Tu n’étais plus, pauvre petite, à ce moment,
Qu’un grand sommeil charmant le corps de ton amant,
Tu n’étais plus sur tout mon corps et sur mon cœur
Que le sommeil, le poids, le corps de la Douleur,
Murmurant comme quand on s’en va : « Mon ami... »
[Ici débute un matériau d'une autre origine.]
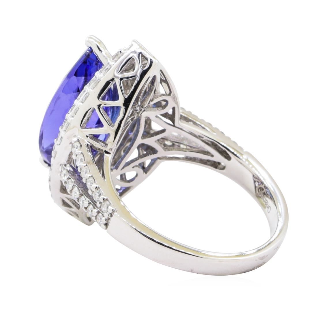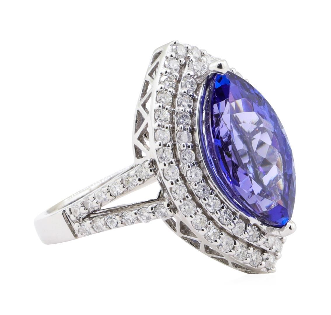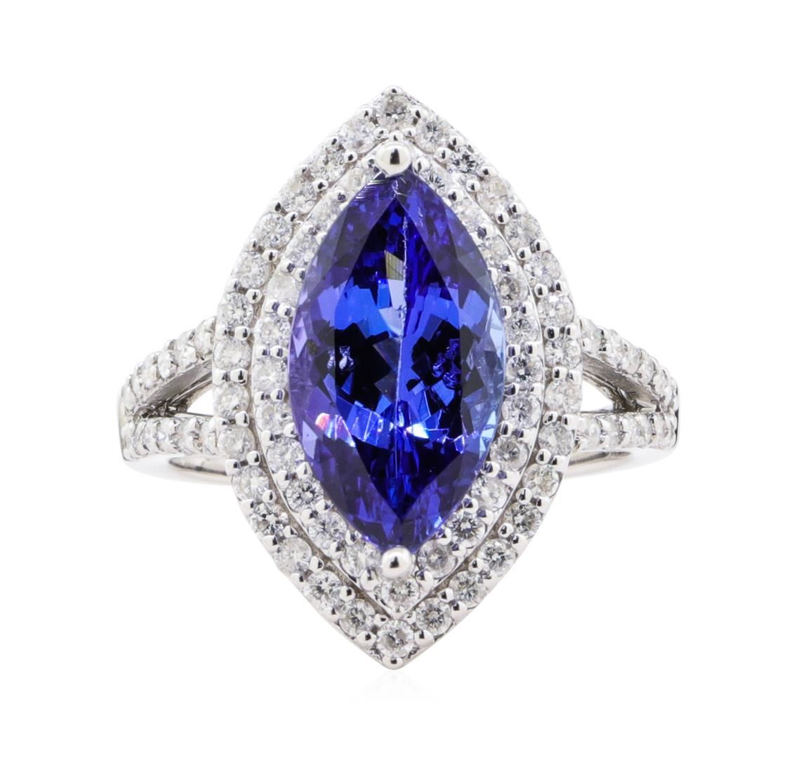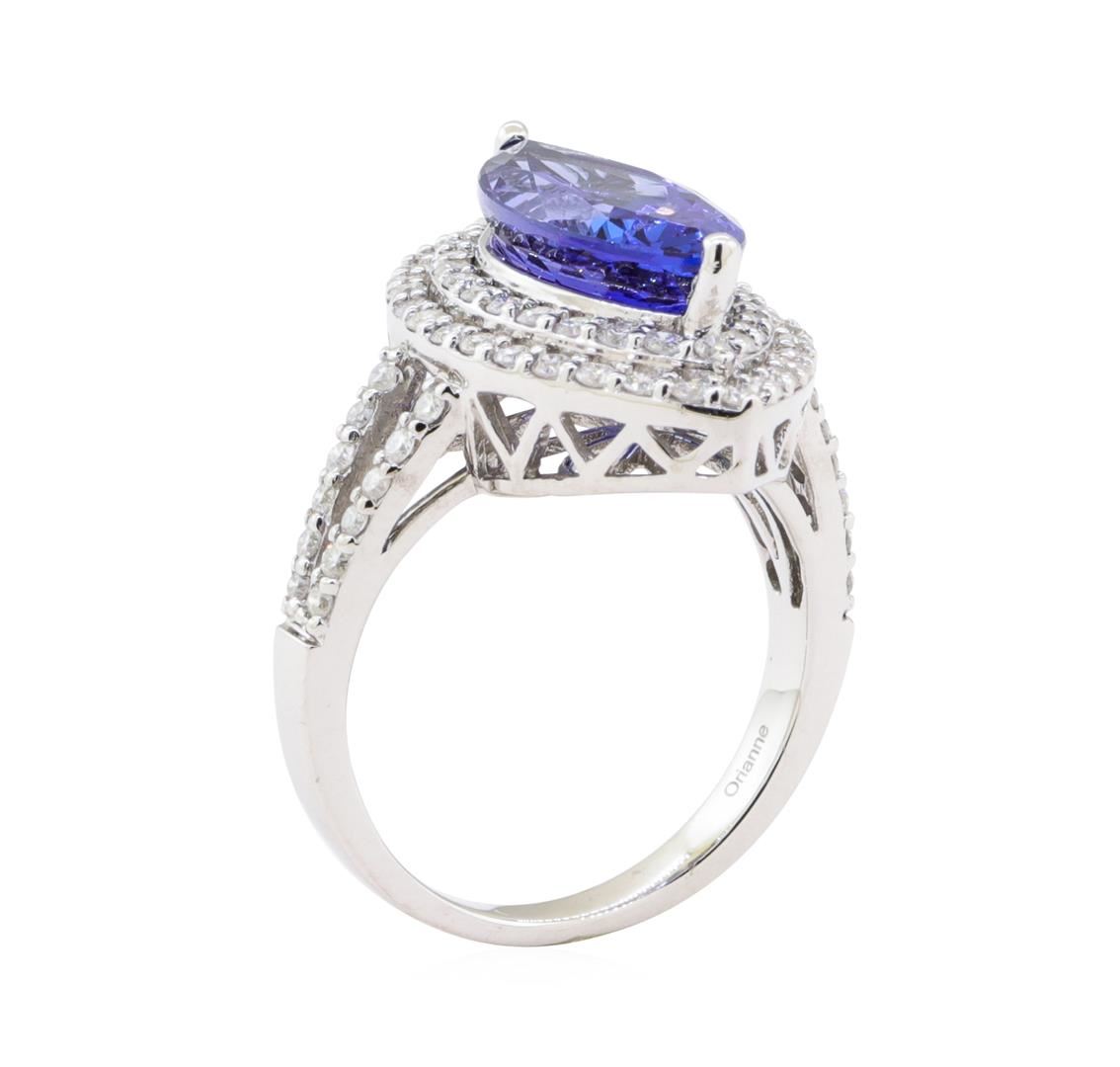 One electronically tested 14KT white gold ladies cast tanzanite and diamond ring with a bright polish finish. The featured tanzanite is set within two tiered diamond bezels supported by diamond set split shoulders, completed by a two millimeter wide band. Trademark is Orianne. Identified with markings of "14K". Condition is new, good workmanship. Containing: One prong set marquise mixed cut natural tanzanite approximate weight of 4.71ct., clarity is eye clean, type I, dark, very slightly grayish, violetish blue color, (GIA vB 7/3), cut is good. Transmitting light with no distortion, transparent. Graded in the setting. Tanzanite is a very rare gemstone that is only found in the country of Tanzania. Originally discovered in 1967. Tiffany & Company, named the stone Tanzanite. It is found in the Usumburu Mountains that border the Umba Valley of northern Tanzania. Tanzanite occurs in gray, brown, violet, blue, reddish-purple, & green. The gem is interesting because of its exceptional pleochroism. Rotated in different directions a tanzanite will exhibit multiple changes of color. Tanzanite has a low tolerance to ultrasonic cleaning, and should not be cleaned using this method. Seventy-Eight prong set round brilliant cut diamonds approximate total weight of 78 Stones = 0.86ct. Graded in the setting. Clarity SI-2 to I-1 Color G - I Total Weight of Colored Stones 4.71 ct. Total Weight of Diamonds 0.86 ct. Total Weight of Ring 6.76 gm Estimated Retail Value $ 14,240.00 US

Inerte, les cils lourds, les yeux clos à demi,
Renversée, espérant peut-être que les vagues
— Mer ou ciel — reflueraient et sur nos formes vagues
Glisseraient insensiblement, puis brusquement
Un couvercle de cristal pur clouté d’argent,

Ou qu’un roc fracassé s’abattant tout à l’heure
Fermerait aux intrus notre étroite demeure,
Ivre, tu recevais du granit qui surplombe
La fraîcheur qui s’épand sous les dalles des tombes.
Retenant ton haleine avec effort, afin
De savourer pendant une seconde, enfin,
L’illusion, la joie absolue et la paix
Que notre amour vivant ne connaîtrait jamais.